Holesh knows all too well how hard it is to abstain—he initially created the app after trying to reduce his own phone use, and found that he was able to cut back significantly by placing his phone in another room while he slept. “I built Moment for myself first,” he wrote on his blog, explaining that he created the app initially to curtail his own smartphone use. “I named it Moment to subtly remind people that over time, you are taking out your phone and listening to music or taking a picture and you are not living in the moment; you are sort of being distracted with this screen in front of you,” he said.

Once the app is installed on a device, Holesh says, he does see a downward trend in usage. More people download the app every day, indicating that there’s an increasing segment of the population seeking to rein in the smartphone’s influence on their lives. After all, who among us has not been interrupted by a high-pitched “ding” mid-conversation, or had to repeat crucial information to a friend overcome with phone face, that vacant expression which strikes even the most well-meaning individual when they’re gazing enrapt at their device’s screen.

Holesh has observed that anecdotally, people seem to vastly underestimate how much time they are on their phone. “They sort of guess they use their phone for half as much time as they do,” he says.

The second thing he has noticed is that there are two types of smartphone users: the checkers and the perusers. Checkers will leave their phone out at dinner, face up, so they can instantly see if their phone lights up with a message, while perusers use smartphones to fend off boredom but get sucked in for longer periods of time, according to Holesh, who falls into the latter category.

This is not to say that smartphones aren’t useful tools. According to the Pew Research Center, 19 percent of Americans rely on them to access the internet because they either lack broadband at home or have few other options for online access. For these individuals, the smartphone provides a crucial modern utility. However, Pew found that more than half of users feel smartphones aren’t always needed, while 30 percent describe the device as a leash, and 28 percent find smartphones distracting.

There was a time in the not-so-distant “CrackBerry” past when pulling out one’s phone around company was considered the height of rudeness. Smartphone holdouts, like New York-based collage artist Emma Zurer, enjoy living in that pleasant past. “I don’t have a smartphone because I don’t want to have people emailing me or become addicted to it or feel that I have to keep looking at my email or keep looking at my Instagram or feel that I always need to be in touch,” she says. Zurer likes relying on her own sense of direction and adds, “I don’t want to be at a concert and feel like I have to document it. I like to be more present.”

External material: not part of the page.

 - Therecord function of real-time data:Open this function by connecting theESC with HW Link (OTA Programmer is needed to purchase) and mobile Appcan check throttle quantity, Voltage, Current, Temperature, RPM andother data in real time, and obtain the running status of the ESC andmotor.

Like Vogue editor Anna Wintour, who was recently mocked when she was caught with a flip phone, Zurer says she does face some teasing. “People make fun of me a lot and they can’t even believe that my phone still exists. They also say, ‘Are you a drug dealer?,’ ‘Is that a burner phone?,’ or ‘Are you 65?,’” she says. She adds that even her parents have smartphones.

Still, along with shock, there is a type of respect afforded to the last smartphone refusers. It takes a certain toughness and self-knowledge to refuse enhanced phone service, which Zurer says is now barely more expensive than her current phone plan. “My phone company calls me all the time and basically says, ‘What are you doing?!’” she says, adding that when her current phone breaks, she may be forced to upgrade.

The feeling that we are too connected is rampant enough to create thriving Luddite-inspired businesses such as Holesh’s, who recognizes the irony that his tech-based business is focused on getting users to interact less with technology. “Moment isn’t about saying your iPhone is evil, and that you should completely stop using it and go live in the woods,” he wrote. “Moment is about finding balance in your life. Connected versus disconnected. On versus off. The real world versus the digital world.”

So, after you finish reading this article—possibly on your phone—just put the darn thing down. As Holesh would say, “Your email can wait.”